Then I did something I have done about eight hundred and twenty one times before and packed a bag. But this time the kilometers put no distance between myself and my thoughts. So I decided to do something about it. And that was to do NOTHING. I got to a small town, checked into a motel and told myself I wouldn't leave there until I was cured of this impulsive flightiness and faced the music

My room had just a bed, tv, microwave, and 40 dollars a night for a flagellation. The first few days I was bored and angry, I missed people, I felt horny and ansy. With nothing to distract me, I thought of the people in my life. 

Vegas was a lifelong vagabond, over a decade older than me. When I met him years before I was a care-free 20 year old who played guitar, made sandcastles, laughed easily, and was fascinated by everything. I was attracted to his confident irreverent intelligence, great stories, and self deprecating humor. I made a fine companion to his drug of choice. No questions asked, no demands made; desire incarnate. Our relationship was much like an addiction. We never felt love, we just satisfied each others NEEDS. I was interested in who he was and what he represented, a dangerous and terrible anarchy. He loved to be seen walking down the street with me.

When I saw him this summer, he had just relapsed after being totally clean, and his girlfriend left him the night before. I had just been dropped off in a sunny parking lot with the kid I met on the road and we were flirting with the idea that something might happen between us and save our souls. Then I hear Vegas's growl, "if it isnt the only person I've ever wanted to see in my whole life". He's slumping over with his arms just swinging, and looks at me like he really means it. He sits down and talks as if no one's around him, saying funny, irreverent things, losing track of his stories mid way and remembering others at random. He takes me to his cabin and continued as if sleep talking; stories, jokes, plans, fantasies of us married in Venezuela. He clung desperately to this idealized version of me and what we could do together, and truly begs me to stay with him. I was fascinated like always, but I didn't know what to say to him. There was something about the way he spoke that scared me, like he was already beyond the pale. I stopped listening, my thoughts turning to the blue eyes of my new road friend. In the morning Vegas walked me back to town, seeming cheerful and like his old self. We said good bye as I went to meet up with Blue Eyes, and a few days later I heard the news.

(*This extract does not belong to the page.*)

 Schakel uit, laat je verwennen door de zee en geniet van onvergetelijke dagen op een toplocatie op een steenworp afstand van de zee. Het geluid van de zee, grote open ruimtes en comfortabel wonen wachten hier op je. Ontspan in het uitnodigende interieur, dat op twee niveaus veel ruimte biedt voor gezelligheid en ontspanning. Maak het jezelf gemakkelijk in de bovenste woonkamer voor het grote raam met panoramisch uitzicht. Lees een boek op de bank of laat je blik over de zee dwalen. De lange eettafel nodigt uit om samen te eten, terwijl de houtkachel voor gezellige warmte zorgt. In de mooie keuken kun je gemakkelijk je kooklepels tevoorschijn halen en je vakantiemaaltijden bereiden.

Vegas didn't want to be clean, there is no warding off self destruction. What was my problem? What made me drop out of uni to hitch hike when I was getting straight As and scholarship opportunities to Oxford? What made me turn from being so alive and loving to being so bitter? I think this is the difference between traveling and running away. I didn't go traveling because I wanted to embrace the world and all the good in it, I went because I disliked my current situation and thought a change of scenery and a freedom from social convention would yield different results. I saw society as so violent and depraved and I felt so fucking above it all. Keep moving, new town, new people, new you. No money? No problem. Feel lonely? Here's someone to fuck. Step on toes? Fuck em. I never let go of the anger at being an outcast, in my family then in society, to just accept the role of outcast, and realize that hell, everyone's an outcast! I set myself apart to spite those who set me apart and took pleasure in breaking their rules, not distinguishing between the absurd ones and the necessary. But I loved so generously and passionately.. The driving force behind my journey was not anger or spite, but profound need for love and an inability to accept that sometimes the world is a terrible place, and sometimes horrible things happen to people who don't deserve it.

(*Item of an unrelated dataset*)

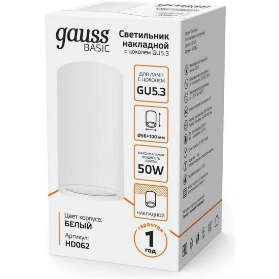 Накладной светильник Gauss Basic, накладной, под лампу GU5.3, белый 1/20/60 интересное:

I thought of my parents growing up in old school South Africa surrounded by an implicit and extreme violence that was never addressed - for whites as well as blacks. I thought of the ways that they might be emotionally dead and the opportunities they never got to expand their minds. It became clear to me that my family's phony model of interactions was a structure that maintained a respect and acceptance of each's flaws and limitations, that it was necessary in order to get past all the cruelty that we waged on each other in the past. I had run away so long ago that I never faced my own choice; to decide to let it consume me or not. The Impostor of my Paranoia was my Free Will, telling me that I alone am responsible for every action I take. I had chosen no responsibility for so long, and it got me literally to Nowheresville. Now the nature of my restlessness was beginning to take form to me.

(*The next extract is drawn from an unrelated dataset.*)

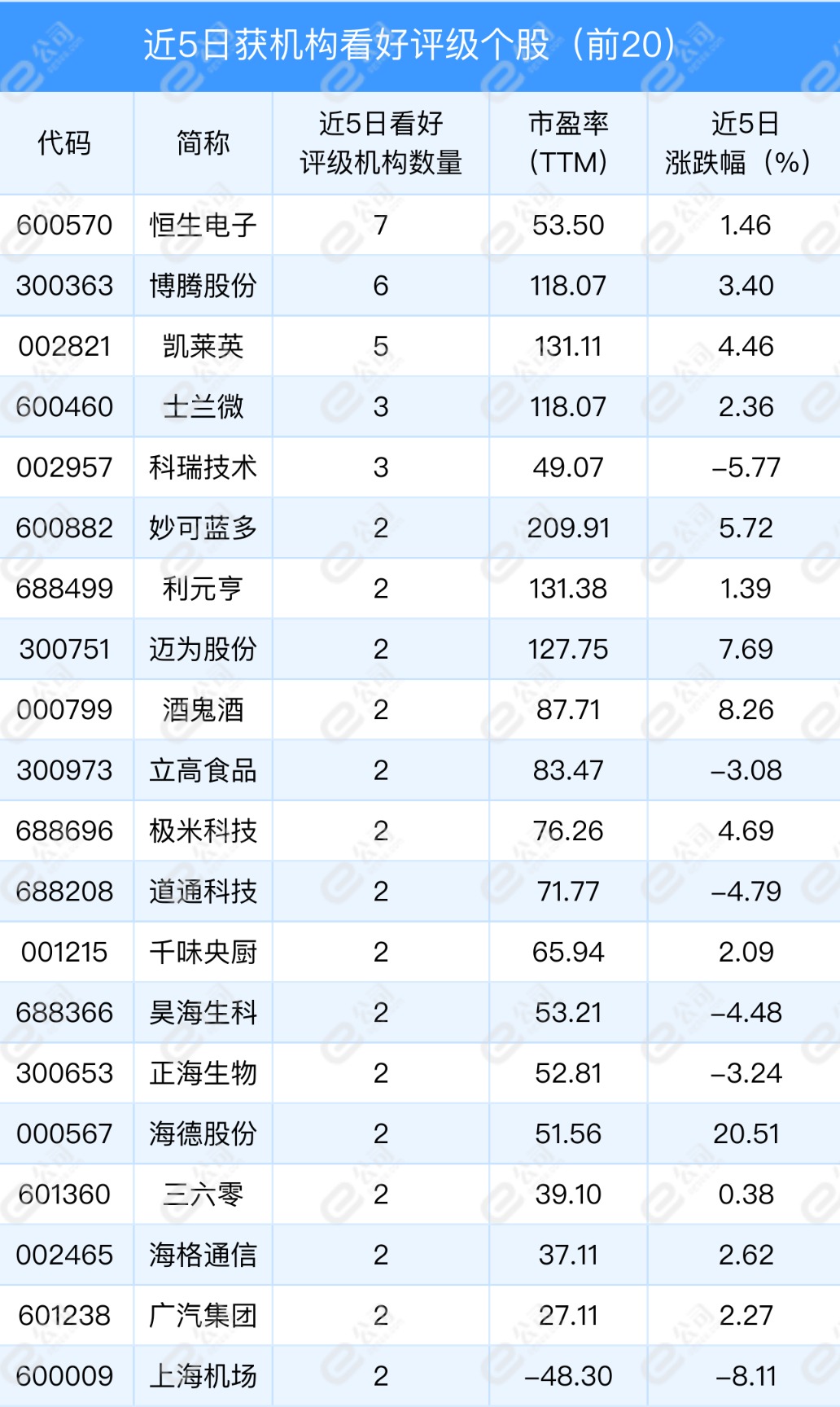 5只个股在近期被机构集中推荐,近5日内机构给予“买入”或“增持”等看好评级家数均逾3家及以上。具体来看,恒生电子(7家)、博腾股份(6家)、凯莱英(5家)等3只个股近期机构看好评级家数居前,均达到5家以上,此外,包括士兰微、科瑞技术、妙可蓝多、利元亨、迈为股份等在内的17只个股期间机构看好评级家数均在2家以上。

My plan was to sit in this room doing nothing until I can accept the glaring TV and loud neighbors, and then maybe actually enjoy it. And you know, I think it might be working... I think I'm beginning to enjoy this shit tv... I am enjoying the shittiness of it! I think I'm beginning to like the sleezy neighbor too, just because he is so hapless and well-meaning! I want to go biking, I want someone to take care of, there are so MANY things I want to do...

I feel guilty at how I have treated people, especially those I love.... But they are still there letting me figure this life out for myself, waiting on the other side with a cold one and warm heart. I feel like the world has opened up to me. I have some money left and an able body to make more. I have white skin and a Canadian passport, and that makes me one of the luckiest motherfuckers on the planet. I wonder if I will stop running away now and rediscover meaning, in a university or a forest, riding a bike or a boyfriend. That's the tricky part of quitting the chase. When you are running away, you just see what you are running from and what you're running to, never where it is you actually are.


----------



## Deleted member 20 (Feb 1, 2015)

"By doing nothing we accomplish everything". Welcome to the site & thanks for sharing about your loss & situation. We are a real community here & often our online contingent overlaps with the default world. Keep participating and life will go on, it will get more interesting & even better. "We give ourselves the answers" Welcome!


----------



## Deleted member 20 (Feb 1, 2015)

Sorry if I thought this was an introduction since its a story perhaps its both? Perhaps by writing it you are no longer running way?


----------



## talwhya (Feb 1, 2015)

Here's hopin! Things are certainly looking pretty good from here


----------